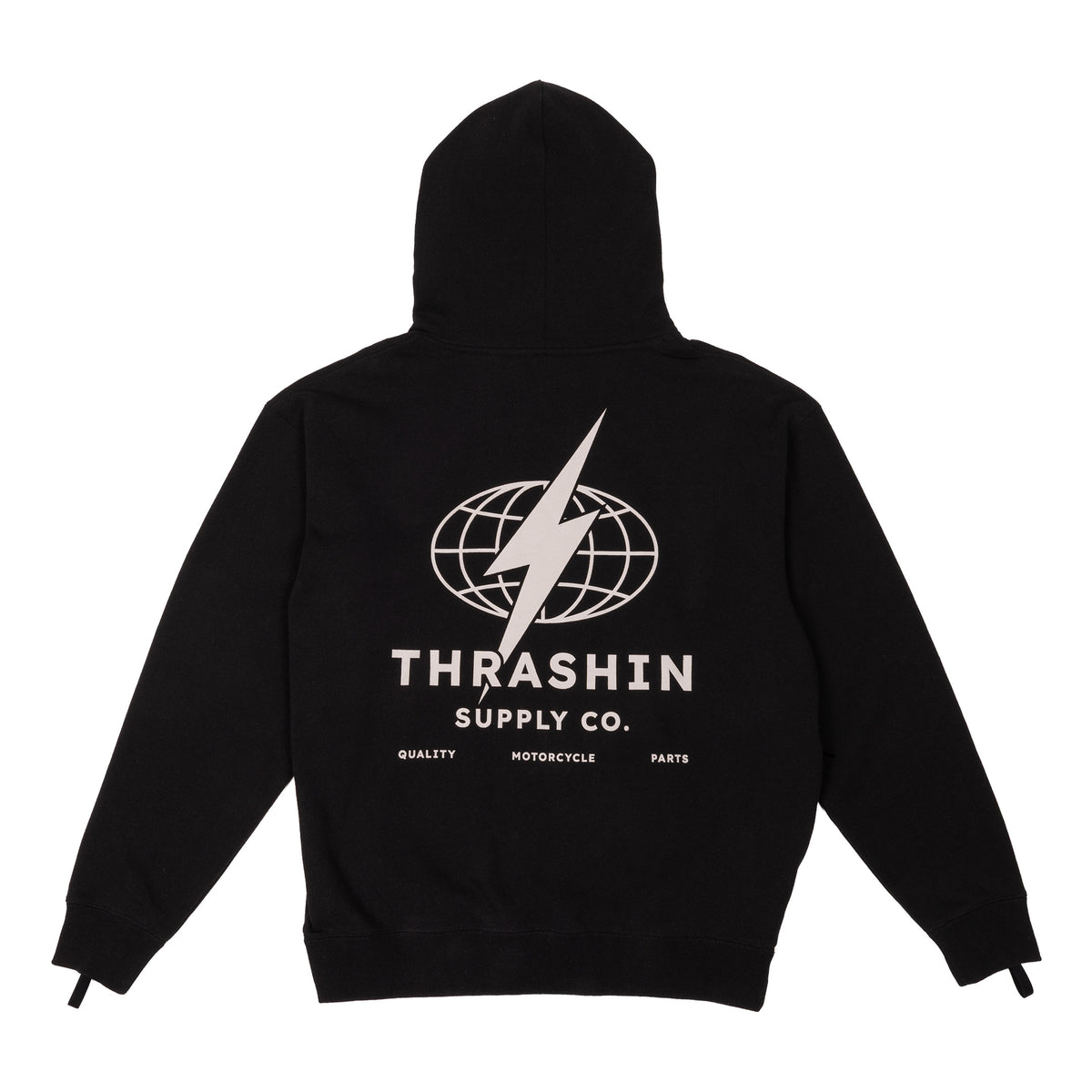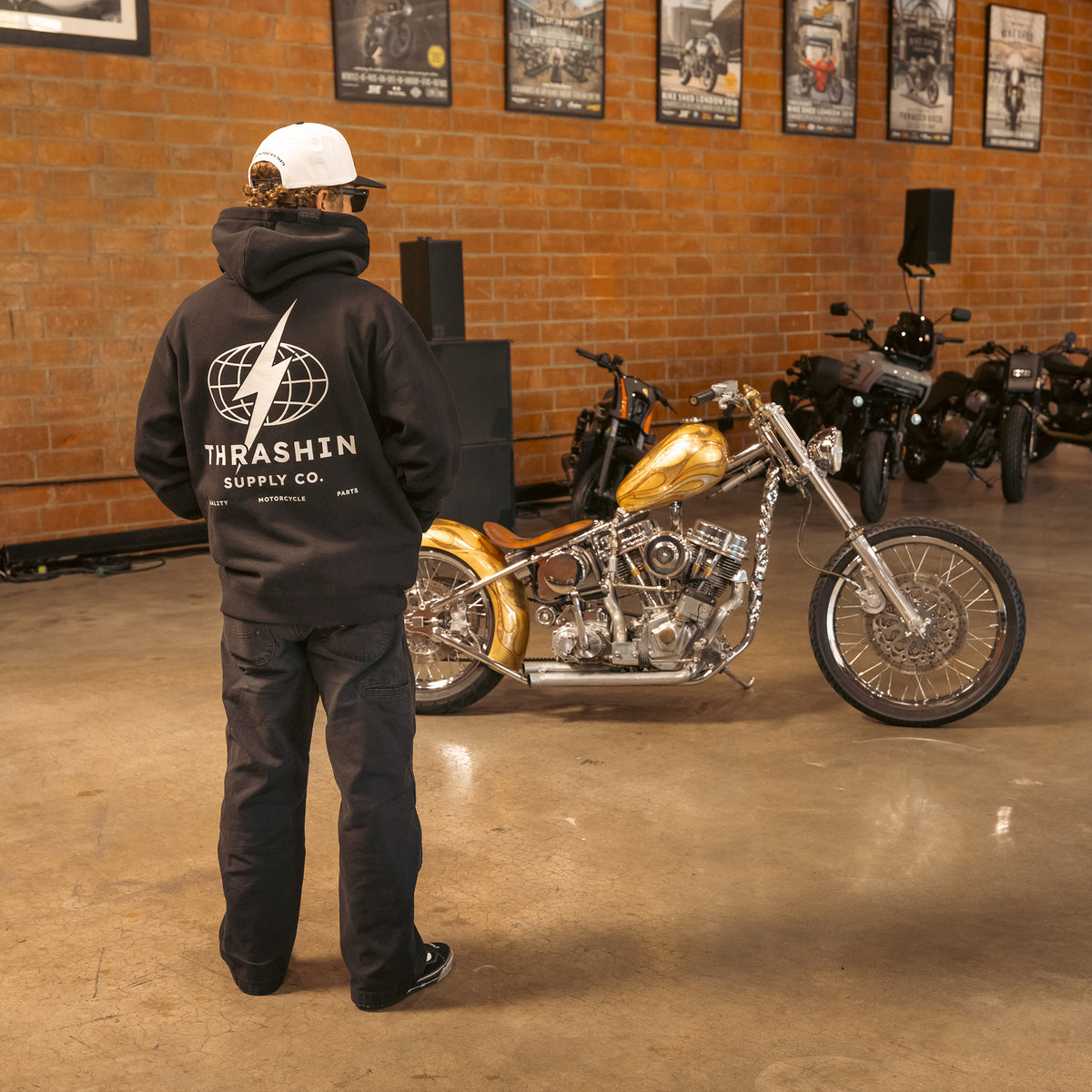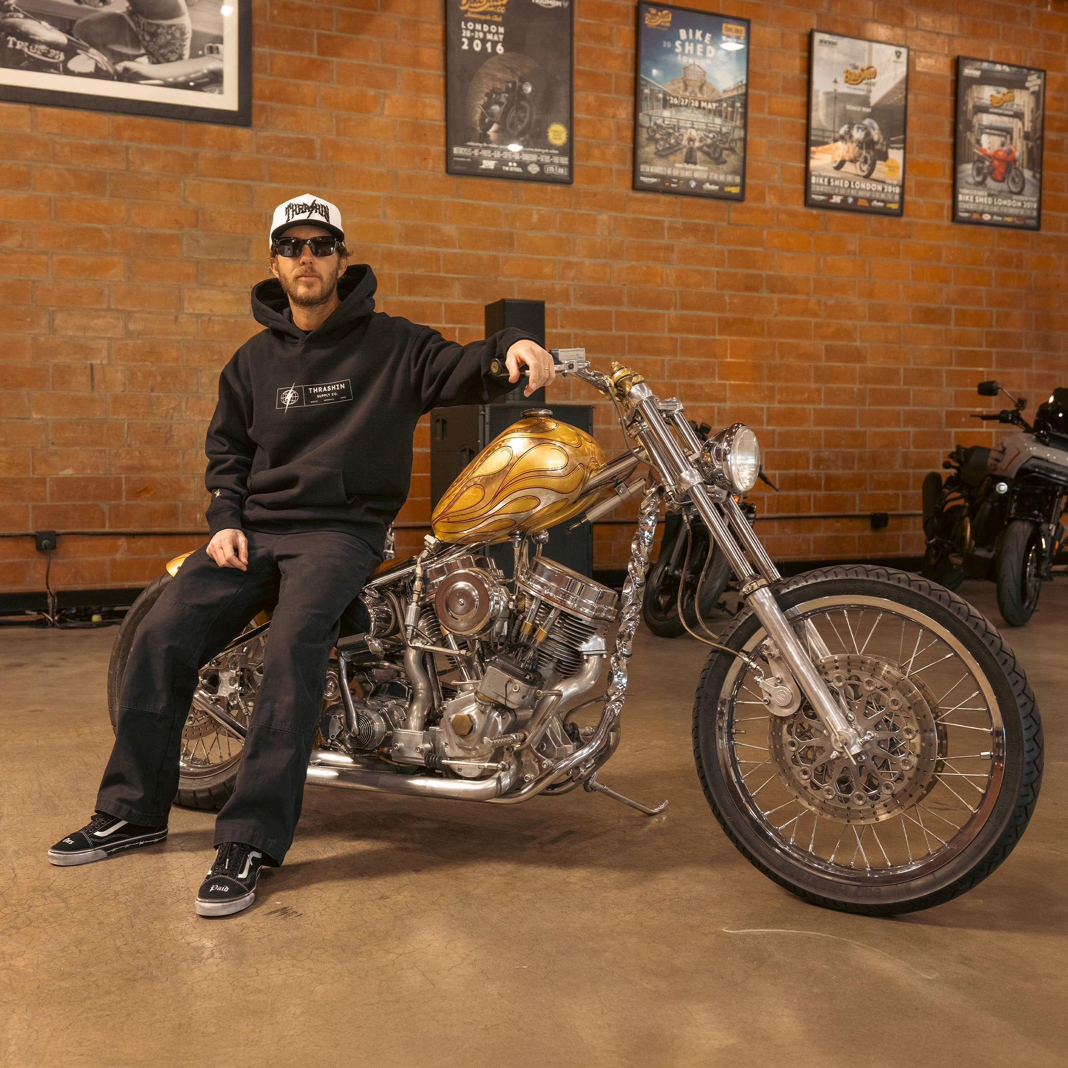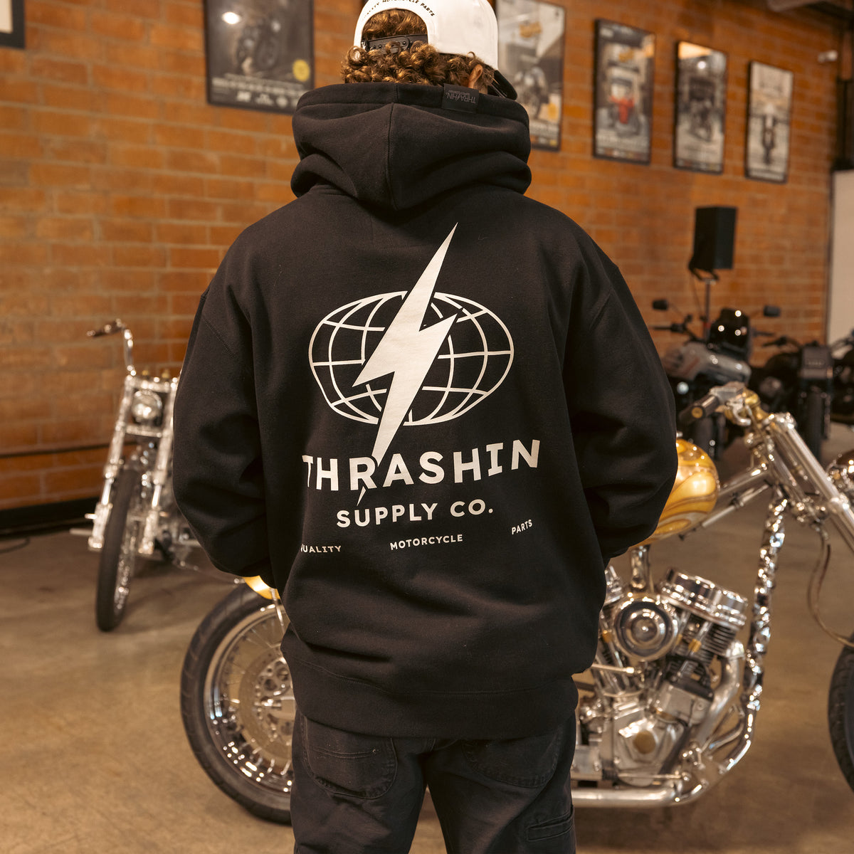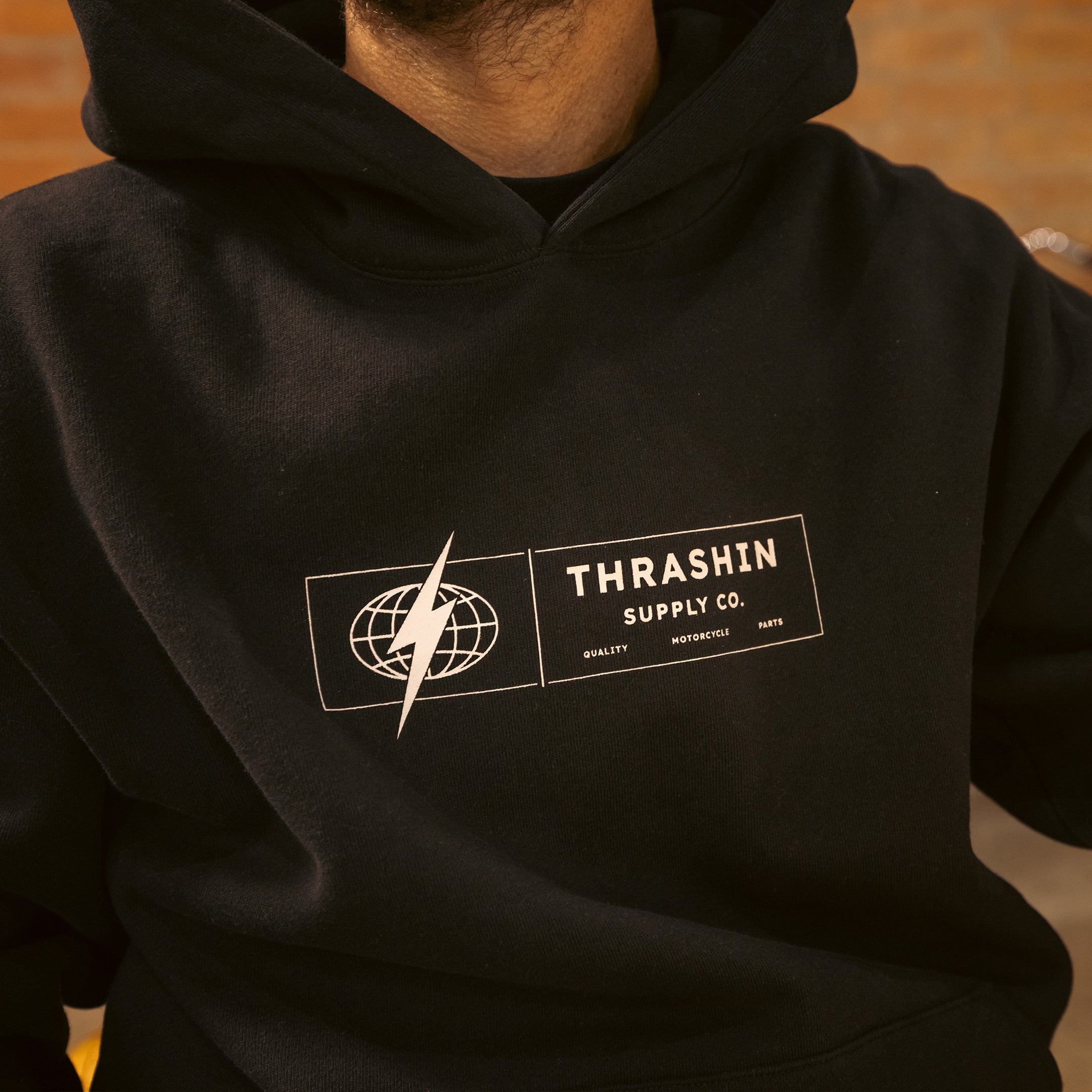 THRASHIN® Hoodies are built for the ride, featuring elastic thumb loops to keep sleeves in place at high speeds and a hidden right-hip zipper pocket big enough for your phone or wallet. Made from heavyweight 12.5oz fleece, they offer an oversized fit with a drop shoulder and no drawcord for a relaxed, modern look.
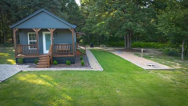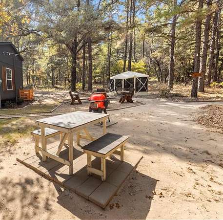 Beautiful and unique property near Tyler State Park. Cabin built in 2022 on 11 + acres. Potential Airbnb, amenities include a mile long walking trail that loops though your private wooded oasis, volleyball & badminton court, regulation size cornhole court, firepit, sprinkler system to keep your lawn green and lush, 10 x 12 shed with electricity and no HOA. The cabin is 864 square feet of living space (576 sqft main floor & 288 sqft loft area) with 1 bedroom & 1 bathroom on the main floor and the loft area that can accommodate multiple beds with plenty of room to spare. Functioning currently as an Airbnb with multiple acres to add additional dwellings. This property could be your vacation home, retirement home, or build a larger main home and use the cabin for income or MIL house. The property is move in ready and Airbnb ready, furnishings available for an additional cost. DO NOT GO TO PROPERTY WITHOUT AN APPOINTMENT. Busy Airbnb.
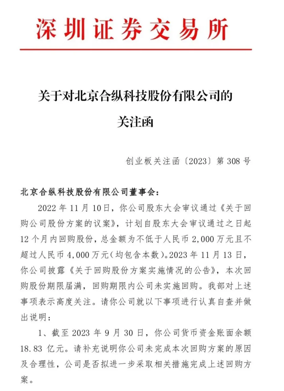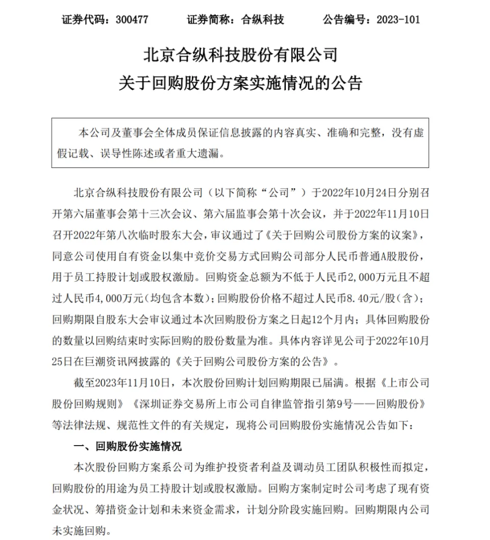 每经编辑:黄胜 11月17日,合纵科技(300477.SZ,股价4.29元,市值45.99亿元)连发两份公告,内容均涉及公司答应回购却未实行。 合纵科技此前曾答应回购2000万元至4000万元回购股份,然而时隔一年却未实行。值得留意的是,制止本年三季度末,公司货币资金账面余额为18.83亿元。 对此,厚交所、北京证监局灵敏采取了羁系举措。 曾答应回购股份2023年11月13日,合纵科技发布关于回购股份方案实行情况的公告。 根据公告,公司于2022年10月24日分别召开第六届董事会第十三次聚会会议、第六届监事会第十次聚会会议,并于2022年11月10日召开2022年第八次暂时股东大会,审议通过了《关于回购公司股份方案的议案》,同意公司使用自有资金以会合竞价交易业务方式回购公司部分人民币平凡A股股份,用于员工持股筹划或股权鼓励。回购资金总额为不低于2000万元且不凌驾4000万元(均包罗本数);回购股份代价不凌驾8.40元/股(含);回购限期自股东大会审议通过本次回购股份方案之日起12个月内。 合纵科技体现,本次股份回购方案系公司为维护投资者长处及变动员工团队积极性而制定,回购股份的用途为员工持股筹划或股权鼓励。回购方案订定时公司思量了现有资金状态、筹措资金筹划和未来资金需求,计分别阶段实行回购。 但是在回购限期内,公司并未实行回购。 对此,公司表明称,回购限期内,一方面,公司重点开辟并实行风电、光伏、储能等智慧能源干系的EPC业务及干系装备制造,公司现实资金使用及储备需求有所增大;另一方面,回购限期内,特殊是2023年以来受产业情况、市场代价下跌等因素影响,公司锂电池正极质料板块业务的收入、毛利大幅降落,造成公司业绩大幅下滑,公司融资难度增长,造成肯定的运动资金压力。为保障公司业务正常开展,优先满足生产谋划资金需求,公司未能完资本次回购。 羁系灵敏脱手11月17日,厚交所向合纵科技下发关注函。厚交所指出,制止2023年9月30日,公司货币资金账面余额18.83亿元。要求公司增补分析未完资本次回购方案的缘故原由及公道性,以及是否拟进一步采取干系步伐完成上述回购方案。 别的,厚交所要求公司团结订定回购方案的目标、公司财务状态等,增补分析公司在订定回购方案时的决定是否充足审慎,回购代价、回购限期等干系安排的设置是否公道;公司及发起人是否存在使用回购方案炒作公司股价、误导投资者的情况。 同日,北京证监局向合纵科技下发《关于对北京合纵科技股份有限公司采取责令改正行政羁系步伐的决定》。 根据行政羁系步伐决定书,回购限期内公司未实行回购,合纵科技违反了《上市公司股份回购规则》第三十六条的规定。 根据规定,北京证监局现对公司采取责令改正的行政羁系步伐,并将干系违规举动记入诚信档案。别的,公司应充实汲取教导,切实进步信息披露质量,包管信息披露信息的真实、准确、完备,信息披露实时、公平,制止雷同题目再次发生。公司应当在收到决定书之日起10个工作日内报送书面整改陈诉,并按照整改限期完成干系回购事项。 据中国证券报,回购可以彰显企业代价,向市场通报企业代价被低估的信号,加强投资者信心。但有的公司却借回购之名,行炒作公司股价之实,到期未按答应实行回购。 对此,证监会干系负责人此前体现,对“忽悠式回购”露头就打。以此防范上市公司和干系主体借助回购实行使用股价、内幕交易业务等违法举动,也就是防范“忽悠式回购”举动。 逐日经济消息综合公开信息、中国证券报 |

__REQUIRED WORK__. Keep the pictures out and repeat exactly the lines from the beginning of the data through the line that contains "Beautiful and unique", both ends included.

__EXERCISE RESULT__.
 THRASHIN® Hoodies are built for the ride, featuring elastic thumb loops to keep sleeves in place at high speeds and a hidden right-hip zipper pocket big enough for your phone or wallet. Made from heavyweight 12.5oz fleece, they offer an oversized fit with a drop shoulder and no drawcord for a relaxed, modern look.
 Beautiful and unique property near Tyler State Park. Cabin built in 2022 on 11 + acres. Potential Airbnb, amenities include a mile long walking trail that loops though your private wooded oasis, volleyball & badminton court, regulation size cornhole court, firepit, sprinkler system to keep your lawn green and lush, 10 x 12 shed with electricity and no HOA. The cabin is 864 square feet of living space (576 sqft main floor & 288 sqft loft area) with 1 bedroom & 1 bathroom on the main floor and the loft area that can accommodate multiple beds with plenty of room to spare. Functioning currently as an Airbnb with multiple acres to add additional dwellings. This property could be your vacation home, retirement home, or build a larger main home and use the cabin for income or MIL house. The property is move in ready and Airbnb ready, furnishings available for an additional cost. DO NOT GO TO PROPERTY WITHOUT AN APPOINTMENT. Busy Airbnb.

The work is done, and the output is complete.